Proposed dimensionless correlation of (a) the present work and (b) the work of Akashi et al.¹³

Surface Sloshing

The volume fraction of liquid phase was monitored at the gas–liquid interface during simulation. Processing the obtained data with FFT technique can identify the frequency of the sloshing wave. Since the application of FFT method was demonstrated in the above section, it will not be repeated here. As seen in Fig. 9, the frequency of the sloshing wave ranges from 2.89 to 3.67 Hz, and it increases with the gas flow rate (Fig. 9a). Increasing the gas flow rate results in an increase in the bubble diameter, which has been reported by other work,^12,13 and can also be confirmed by the finding in this work that the bubbling frequency decreases with increasing gas flow rate. Large gas bubbles generate a large buoyancy force, which aggravates the surface undulation. Hence, the wave frequency of the surface sloshing is increased. In contrast to the gas flow rate, increasing lance submergence depth leads to decreasing wave frequency (see Fig. 9b). This is due to the drag effect posed by viscous force on gas bubbles rising in the viscous liquid. A reducing influence of the lance submergence depth on the wave frequency is noted as the lance submergence depth further increases.

Fig. 9

(a) Sloshing wave frequency versus gas flow rate (lance submergence depth: 0.044 m); (b) sloshing wave frequency versus lance submergence depth (gas flow rate: 0.097 L/s).

Summary and Conclusion

The bubble formation and surface sloshing in a TSL flow with a viscous liquid were investigated by means of numerical simulations.
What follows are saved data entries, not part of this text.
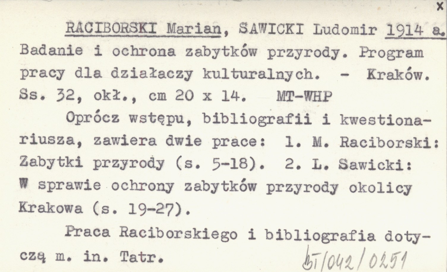 Kraków , 32 s., okł., 20x14 cm. Praca Raciborskiego i bibliografia dotyczą m. in. Tatr. Oprócz wstępu, bibliografii i kwestionariusza, zawiera dwie prace: 1. M. Raciborski: Zabytki przyrody (s. 5-18). 2. L. Sawicki: W sprawie ochrony zabytków przyrody okolicy Krakowa (s. 19-27).
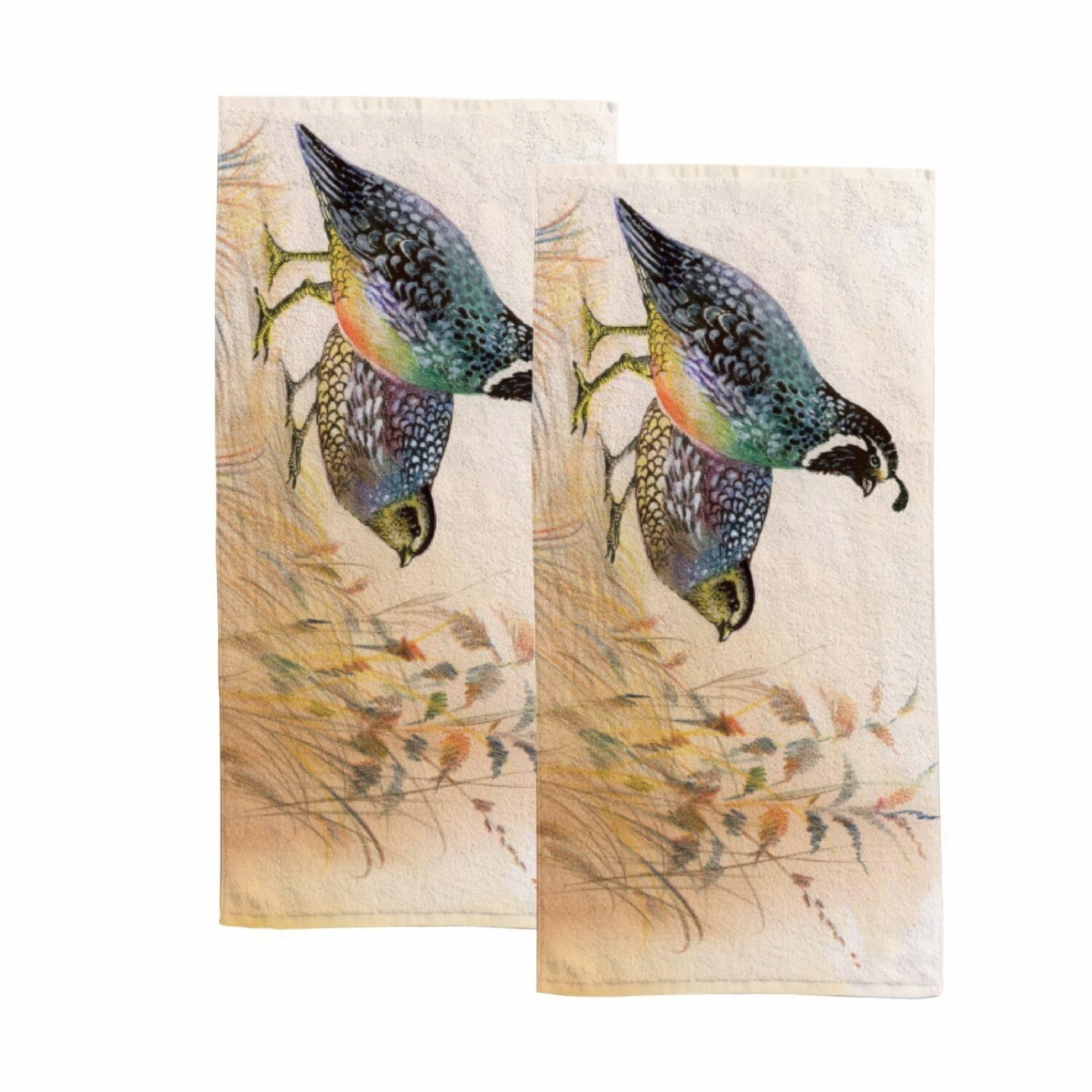 Set of 2 Watercolor Quail Hand Towels 30x15 Inch
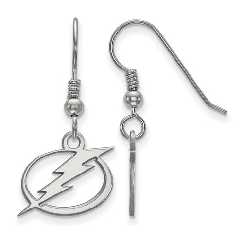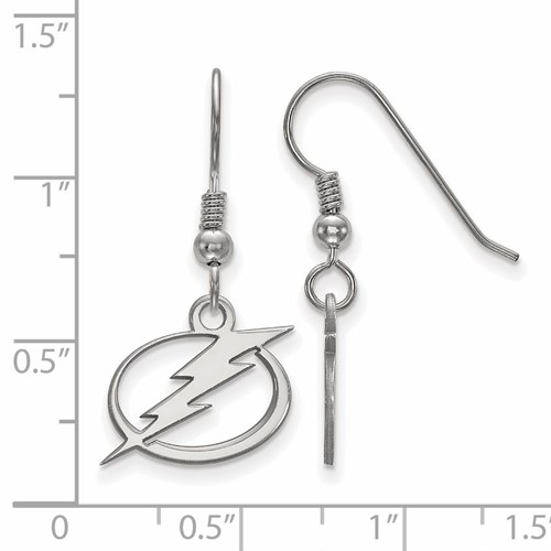 These Tampa Bay Lightning wire dangle earrings are made of polished sterling silver. Charm length: 1/2in, width: 5/8in. Officially licensed jewelry. Weight: 1.5 grams. Made in the USA.

To guarantee the accuracy of the numerical model, a detailed validation by HR-PIV experiments was performed in the first place. Subsequently, the numerical model was used to study the influences of gas flow rate and lance submergence depth on the bubble formation and surface sloshing. The key outcomes are summarized as follows:

1. I.

   Numerical results obtained from the coupling model, i.e., VOF-LES-DSL, agree with the HR-PIV experimental data in terms of flow pattern, velocity field, and velocity fluctuation in most of the measured region. The deviations in the near lance region (r/R <  0.25) are caused by the gas phase, which is confirmed by the agreement between the filtered velocity and experimental velocity. The turbulence model, i.e., LES-DSL, fails to predict the velocity fluctuation in the bubbly region (r/R <  0.25), which may be due to the absence of bubble-induced turbulence in this single-phase model. Based on the overall comparison, the numerical model is validated.

2. II.

   With the aid of FFT technique, the bubbling frequencies are detected at different gas flow rates, showing a decreasing trend with increasing gas flow rate. This finding is consistent with the experimental observation in the literature. The results show that the lance submergence depth has limited influence on the bubbling frequency. In addition, a new dimensionless correlation (namely, St versus WeRe) is proposed to include the influences of viscous force and surface tension on bubble formation. It turns out that this new correlation has much smaller deviation of the pre-exponential factor and exponent by comparing the present and experimental results from the literature. With this proposed dimensionless correlation, it is possible to evaluate bubbly frequencies obtained at diverse conditions.

3. III.

   The wave frequency of surface sloshing increases with increasing gas flow rate, while it decreases with increasing lance submergence depth. The former is caused by the enhanced buoyancy force posed by the enlarging gas bubbles. The latter is mainly due to the viscous drag force, which dissipates the interphase momentum transfer.